Task instructions:
Print the line that contains "Boho Wall Basket", then every line after it until the entries end, exactly as they read; do not include pictures.
··· Input data ···
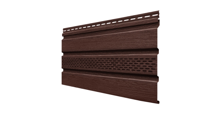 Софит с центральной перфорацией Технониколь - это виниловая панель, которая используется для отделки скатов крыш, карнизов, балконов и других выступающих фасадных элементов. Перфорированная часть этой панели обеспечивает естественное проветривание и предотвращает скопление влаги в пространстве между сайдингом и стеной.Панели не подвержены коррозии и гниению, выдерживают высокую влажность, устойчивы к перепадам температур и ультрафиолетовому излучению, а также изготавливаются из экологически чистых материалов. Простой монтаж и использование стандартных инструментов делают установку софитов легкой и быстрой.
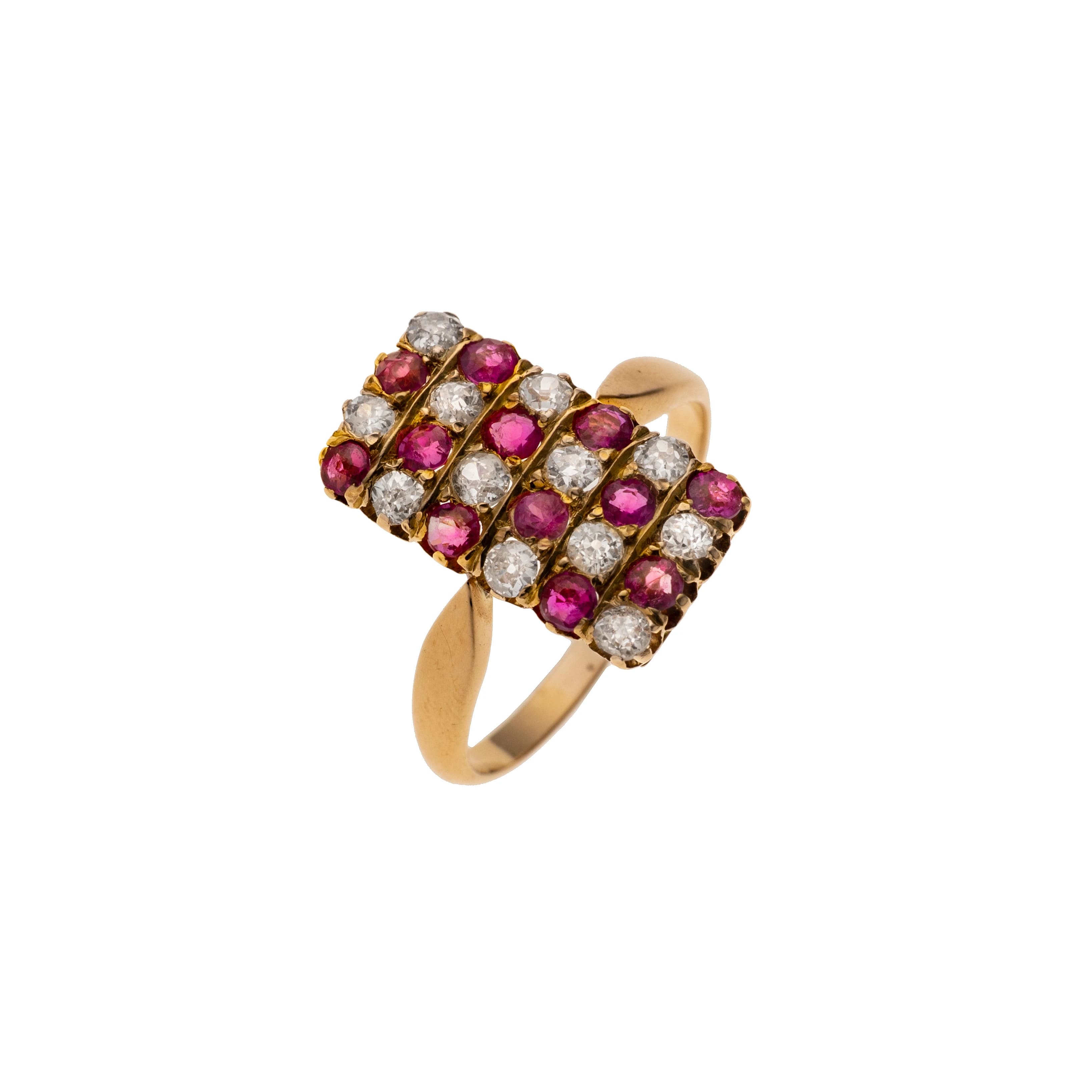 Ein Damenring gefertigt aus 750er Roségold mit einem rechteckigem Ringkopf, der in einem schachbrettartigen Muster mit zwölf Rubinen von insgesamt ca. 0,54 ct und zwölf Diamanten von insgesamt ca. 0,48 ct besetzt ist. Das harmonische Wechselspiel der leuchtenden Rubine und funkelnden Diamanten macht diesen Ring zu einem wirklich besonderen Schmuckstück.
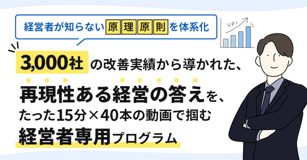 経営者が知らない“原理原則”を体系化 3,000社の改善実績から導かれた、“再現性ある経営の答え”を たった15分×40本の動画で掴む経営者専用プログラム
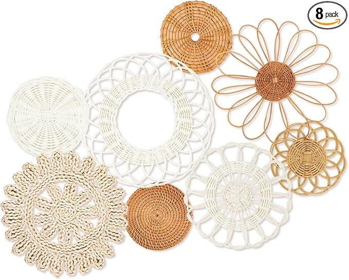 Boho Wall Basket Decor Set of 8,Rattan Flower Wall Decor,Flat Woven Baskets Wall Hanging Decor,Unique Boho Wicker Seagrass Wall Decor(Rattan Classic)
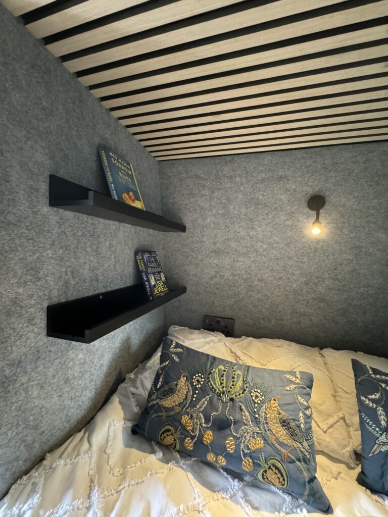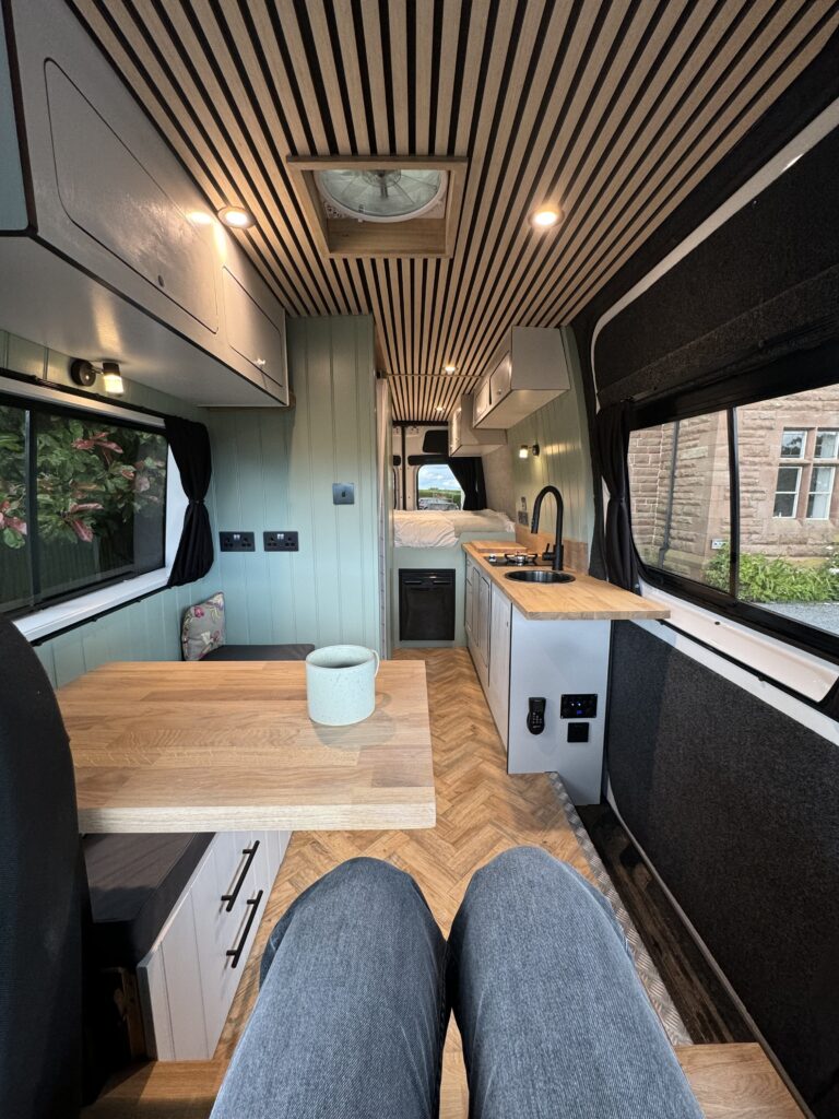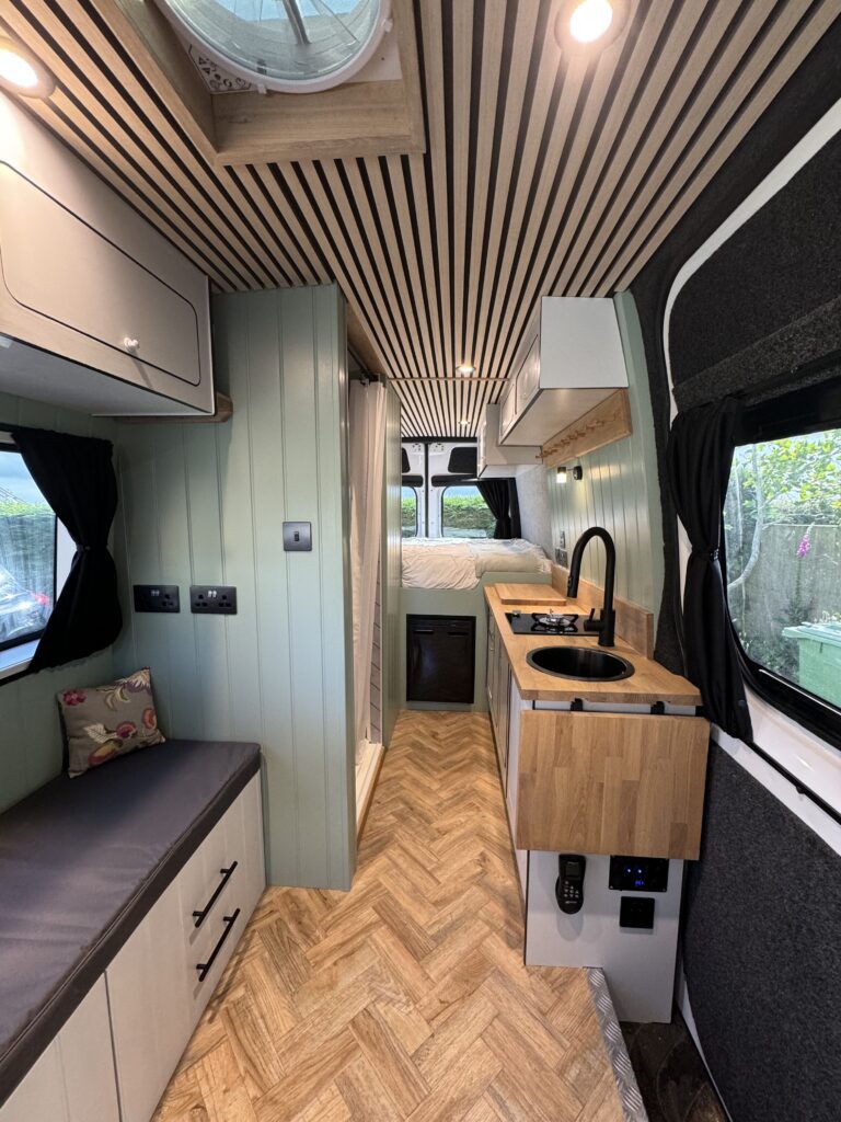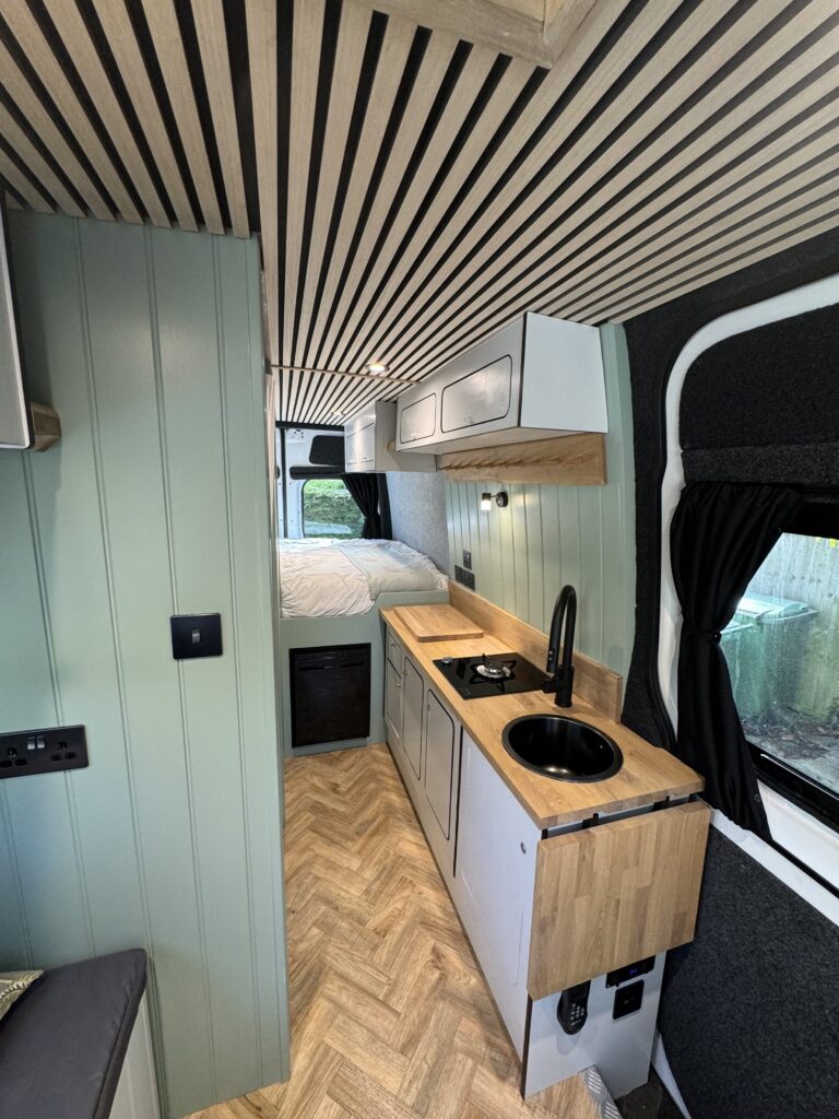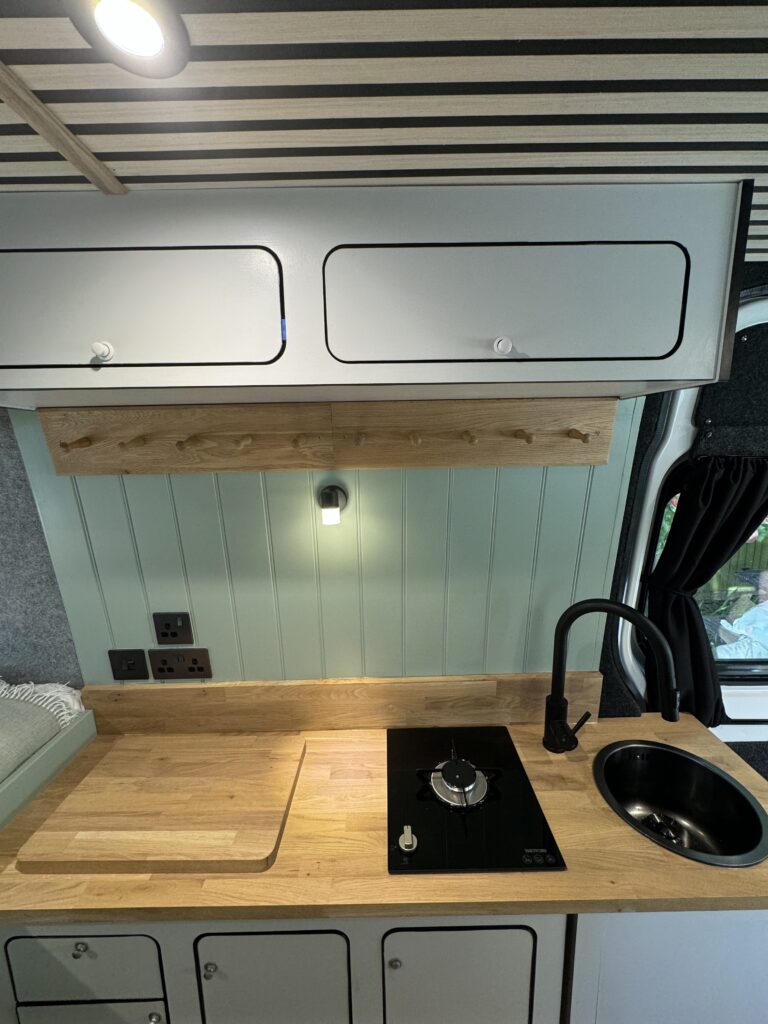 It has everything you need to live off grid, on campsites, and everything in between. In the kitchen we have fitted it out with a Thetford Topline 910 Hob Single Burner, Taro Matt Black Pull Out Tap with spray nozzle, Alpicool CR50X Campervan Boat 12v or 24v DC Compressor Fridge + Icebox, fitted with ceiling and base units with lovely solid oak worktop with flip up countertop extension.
···
Your response:
 Boho Wall Basket Decor Set of 8,Rattan Flower Wall Decor,Flat Woven Baskets Wall Hanging Decor,Unique Boho Wicker Seagrass Wall Decor(Rattan Classic)
 It has everything you need to live off grid, on campsites, and everything in between. In the kitchen we have fitted it out with a Thetford Topline 910 Hob Single Burner, Taro Matt Black Pull Out Tap with spray nozzle, Alpicool CR50X Campervan Boat 12v or 24v DC Compressor Fridge + Icebox, fitted with ceiling and base units with lovely solid oak worktop with flip up countertop extension.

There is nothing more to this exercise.